Diário da Região

15/05/2018 - 23h25min

JULGAMENTO

TCU deve pedir anulação decontratos do Grupo Libra

Prefeito Edinho atuou como ministro dos Portos no governo da ex-presidente Dilma

abio Rodrigues Pozzebom/Agência Brasil Presidente Michel Temer fez balanço dos dois anos de governo, durante o evento O Brasil Voltou, no Palácio
Presidente Michel Temer fez balanço dos dois anos de governo, durante o evento O Brasil Voltou, no Palácio

O Tribunal de Contas da União (TCU) poderá determinar, em julgamento nesta quarta-feira, 16, a anulação de contratos do Grupo Libra com a Companhia das Docas do Estado de São Paulo (Codesp), no Porto de Santos, por irregularidades na renovação da concessão de três terminais portuários em 2015. A ministra-relatora, Ana Arraes, deverá apresentar essa proposta, que vai na linha do que foi recomendado pela área técnica do tribunal e pelo Ministério Público junto ao TCU.

A ministra-relatora, em uma modificação em relação à proposta dos auditores, deverá propor que a Codesp marque um prazo para a realização de uma nova licitação. Até lá, a empresa ainda poderia operar no Porto de Santos, de forma que não haveria interrupção da prestação de serviços às empresas que utilizam os três terminais do Grupo Libra.

São diversas as irregularidades apontadas pelos auditores do TCU em torno da renovação de contrato da empresa, que foi uma das maiores doadoras nas Eleições de 2014 para o hoje presidente Michel Temer. A principal delas é que a empresa tinha com a Codesp uma dívida que chega a R$ 2 bilhões.
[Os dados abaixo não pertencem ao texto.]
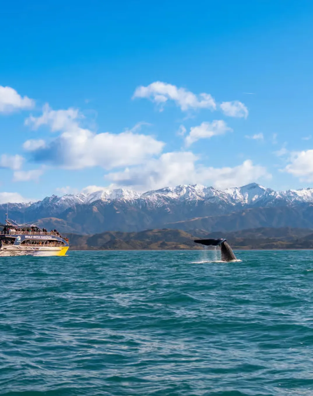凯库拉的观鲸体验举世闻名,出海观鲸看到鲸鱼成功率高达95%,这里是为数不多的全年都能看到抹香鲸的地方,它们常年在凯库拉海域游曳捕食,喷着几米高的水柱,经常在下潜时展示它巨大的鲸尾。

Na visão da unidade técnica, do MP de Contas e da relatora, a dívida impedia a renovação dos três contatos, que expirariam em 2015, 2018 e 2020, todos estendidos até 2035.

Os contratos foram renovados em 2015, com aprovação da Secretaria Especial de Portos - que foi comandada pelo prefeito de Rio Preto, Edinho Araújo (MDB) -, após a publicação da nova Lei dos Portos - que, graças a uma emenda incluída pelo então presidente da Câmara dos Deputados, Eduardo Cunha (MDB-RJ), deu brecha para empresas em dívida com a União renovarem a concessão de terminais portuários.

Um dos pontos colocados na renovação dos contratos é que as partes concordaram a entrar em um processo de arbitragem na justiça comum. No mesmo dia em que houve a adesão à arbitragem, houve a renovação por 20 anos dos contratos do Grupo Libra, com condições mais favoráveis do que as acordadas no contrato inicial.

A relatora deverá pontuar que a renovação aconteceu antes da própria instalação do processo de arbitragem na justiça - o que também seria uma irregularidade. Na visão de auditores, a lei só permitia a renovação após o início formal do processo de arbitragem. Outro ponto é que o decreto exigia uma caução por parte da empresa no valor da dívida - R$ 2 bilhões, o que não foi exigido pela Codesp.